The English prefix "hyper-" comes from the Greek prefix "ὑπερ-" and means "over" or "beyond"; it has a common origin with the prefix "super-" which comes from Latin. It signifies the overcoming of the previous linear constraints of written text.
The term "hypertext" is often used where the term "hypermedia" might seem appropriate.
In 1992, author Ted Nelson – who coined both terms in 1963 [3] [4] – wrote:
By now the word "hypertext" has become generally accepted for branching and responding text, but the corresponding word "hypermedia", meaning complexes of branching and responding graphics, movies and sound – as well as text – is much less used. Instead they use the strange term "interactive multimedia": this is four syllables longer, and does not express the idea of extending hypertext.

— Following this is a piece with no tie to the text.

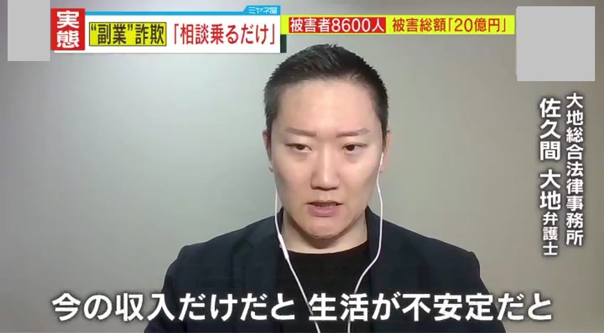 「被害者は、“コロナ”などいろいろな影響があって、今の収入だけだと生活が不安定だと。『誰でも簡単に手軽に、スマホ一つだけあれば大丈夫』とか『在宅でできる』とか、そういった甘い謳い文句で勧誘されて、魅力を感じて入り込んでしまいます」
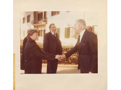 A man and a women shaking hands in front of the European University Institute president Werner Maihofer.

Hypertext documents can either be static (prepared and stored in advance) or dynamic (continually changing in response to user input, such as dynamic web pages). Static hypertext can be used to cross-reference collections of data in documents, software applications, or books on CDs. A well-constructed system can also incorporate other user-interface conventions, such as menus and command lines. Links used in a hypertext document usually replace the current piece of hypertext with the destination document. A lesser known feature is StretchText, which expands or contracts the content in place, thereby giving more control to the reader in determining the level of detail of the displayed document. Some implementations support transclusion, where text or other content is included by reference and automatically rendered in place.
Hypertext can be used to support very complex and dynamic systems of linking and cross-referencing. The most famous implementation of hypertext is the World Wide Web, written in the final months of 1990 and released on the Internet in 1991.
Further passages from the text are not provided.